Work request:
Please write out the whole listing that follows exactly; the pictures stay out.

Collected data:
- - - - -

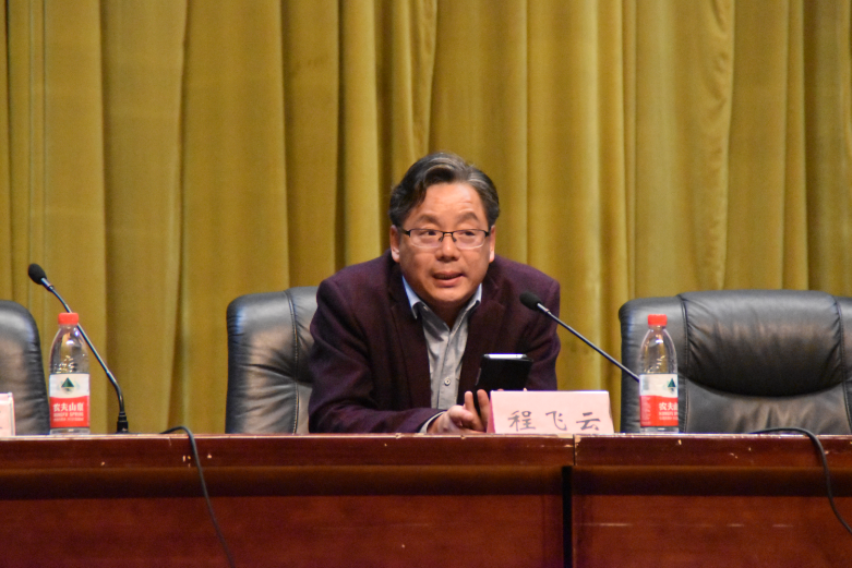 程飞云从自己的家乡环境和初高中求学经历谈起,程飞云朴实的称自己就是“山里孩”,在贫困的山村环境中,7、8岁就开始做繁重的农活,因生计所迫,高中更是边干活边学习,在山上搬石头,开拖拉机,数次身陷险境。生活的苦难和他的付出坚持深深打动了在场每一位听众,在大学期间,他从修鞋开始,走上创业之路,毕业后不断创业,不惧失败,现已拥有伟雄科技等三家河南行业龙头企业。程飞云告诫同学,要先做人,再做事,一定要诚实守信,践行社会主义核心价值观,从一点一滴做起,紧跟时代,抓住机遇,建功立业。
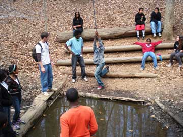 On April 9, 28 teenagers and 5 adult staff from the Creekside and Sacramento Neighborhood Centers enjoyed a full day of action activities at the GMU-owned Hemlock Overlook Park, where Outward Bound team-building challenges are the day's agenda. The teens successfully completed 6 difficult tasks that required them to plan team strategies ,work together to complete their tasks, and help one another succeed. The kids had a great time, laughing and urging one another on, until all of them succeeded in their group goals. This trip was made possible due to the sponsorship by the Mount Vernon Kiwanis Club.
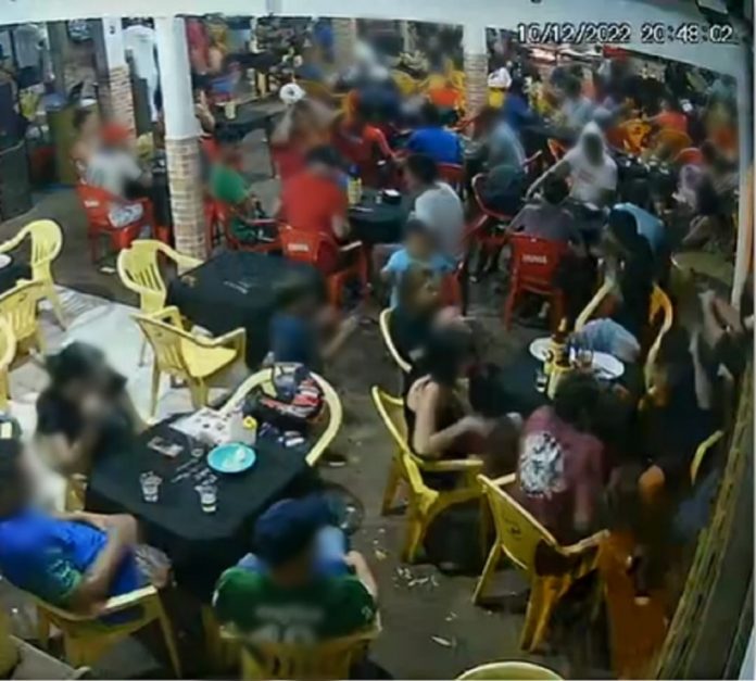 O estabelecimento estava lotado no momento do crime, inclusive com duas crianças andando perto do local dos disparos. Em determinado momento do vídeo o criminoso aparece com a arma na mão e faz disparos, praticamente à queima-roupa, contra dois homens que estavam sentados em uma mesa com outras pessoas.

- - - - -

Exercise output:
 程飞云从自己的家乡环境和初高中求学经历谈起,程飞云朴实的称自己就是“山里孩”,在贫困的山村环境中,7、8岁就开始做繁重的农活,因生计所迫,高中更是边干活边学习,在山上搬石头,开拖拉机,数次身陷险境。生活的苦难和他的付出坚持深深打动了在场每一位听众,在大学期间,他从修鞋开始,走上创业之路,毕业后不断创业,不惧失败,现已拥有伟雄科技等三家河南行业龙头企业。程飞云告诫同学,要先做人,再做事,一定要诚实守信,践行社会主义核心价值观,从一点一滴做起,紧跟时代,抓住机遇,建功立业。
 On April 9, 28 teenagers and 5 adult staff from the Creekside and Sacramento Neighborhood Centers enjoyed a full day of action activities at the GMU-owned Hemlock Overlook Park, where Outward Bound team-building challenges are the day's agenda. The teens successfully completed 6 difficult tasks that required them to plan team strategies ,work together to complete their tasks, and help one another succeed. The kids had a great time, laughing and urging one another on, until all of them succeeded in their group goals. This trip was made possible due to the sponsorship by the Mount Vernon Kiwanis Club.
 O estabelecimento estava lotado no momento do crime, inclusive com duas crianças andando perto do local dos disparos. Em determinado momento do vídeo o criminoso aparece com a arma na mão e faz disparos, praticamente à queima-roupa, contra dois homens que estavam sentados em uma mesa com outras pessoas.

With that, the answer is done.